*Work task*
Output only the lines below that start at the line containing "I’ve fallen into" and end at the line containing "粉料全国均价为8673元/吨", with both ends kept.
[Dataset — start]
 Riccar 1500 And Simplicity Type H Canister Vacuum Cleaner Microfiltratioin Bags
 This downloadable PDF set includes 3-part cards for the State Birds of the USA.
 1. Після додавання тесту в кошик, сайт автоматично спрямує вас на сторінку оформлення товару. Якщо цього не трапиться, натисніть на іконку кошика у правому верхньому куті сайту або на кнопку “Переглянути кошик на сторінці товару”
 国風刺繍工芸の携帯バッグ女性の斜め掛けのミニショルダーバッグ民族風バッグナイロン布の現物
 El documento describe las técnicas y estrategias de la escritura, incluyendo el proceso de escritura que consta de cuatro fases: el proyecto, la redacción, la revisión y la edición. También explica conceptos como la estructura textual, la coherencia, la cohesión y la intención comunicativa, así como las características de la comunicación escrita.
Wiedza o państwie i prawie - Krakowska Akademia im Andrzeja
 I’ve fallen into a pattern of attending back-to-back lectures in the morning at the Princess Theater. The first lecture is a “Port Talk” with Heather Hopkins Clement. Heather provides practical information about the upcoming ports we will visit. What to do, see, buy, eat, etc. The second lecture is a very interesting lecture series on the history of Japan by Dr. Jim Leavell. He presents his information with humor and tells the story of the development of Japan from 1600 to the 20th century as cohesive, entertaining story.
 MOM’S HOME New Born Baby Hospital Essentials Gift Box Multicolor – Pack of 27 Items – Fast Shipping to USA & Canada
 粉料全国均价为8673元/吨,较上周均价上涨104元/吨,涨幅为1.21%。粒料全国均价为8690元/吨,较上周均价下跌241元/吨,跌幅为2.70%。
[Dataset — finish]
[Dataset — start]
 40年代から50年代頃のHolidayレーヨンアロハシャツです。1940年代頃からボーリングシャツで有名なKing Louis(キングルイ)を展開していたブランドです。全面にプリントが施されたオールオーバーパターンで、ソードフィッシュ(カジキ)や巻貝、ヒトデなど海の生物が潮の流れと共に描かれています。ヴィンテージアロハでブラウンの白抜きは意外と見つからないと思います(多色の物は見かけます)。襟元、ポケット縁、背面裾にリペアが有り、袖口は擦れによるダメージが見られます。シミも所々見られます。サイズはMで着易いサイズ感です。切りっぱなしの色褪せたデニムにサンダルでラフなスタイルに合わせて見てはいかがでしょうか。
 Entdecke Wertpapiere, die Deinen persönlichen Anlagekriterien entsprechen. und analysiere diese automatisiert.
[Dataset — finish]
*Answer*
 I’ve fallen into a pattern of attending back-to-back lectures in the morning at the Princess Theater. The first lecture is a “Port Talk” with Heather Hopkins Clement. Heather provides practical information about the upcoming ports we will visit. What to do, see, buy, eat, etc. The second lecture is a very interesting lecture series on the history of Japan by Dr. Jim Leavell. He presents his information with humor and tells the story of the development of Japan from 1600 to the 20th century as cohesive, entertaining story.
 MOM’S HOME New Born Baby Hospital Essentials Gift Box Multicolor – Pack of 27 Items – Fast Shipping to USA & Canada
 粉料全国均价为8673元/吨,较上周均价上涨104元/吨,涨幅为1.21%。粒料全国均价为8690元/吨,较上周均价下跌241元/吨,跌幅为2.70%。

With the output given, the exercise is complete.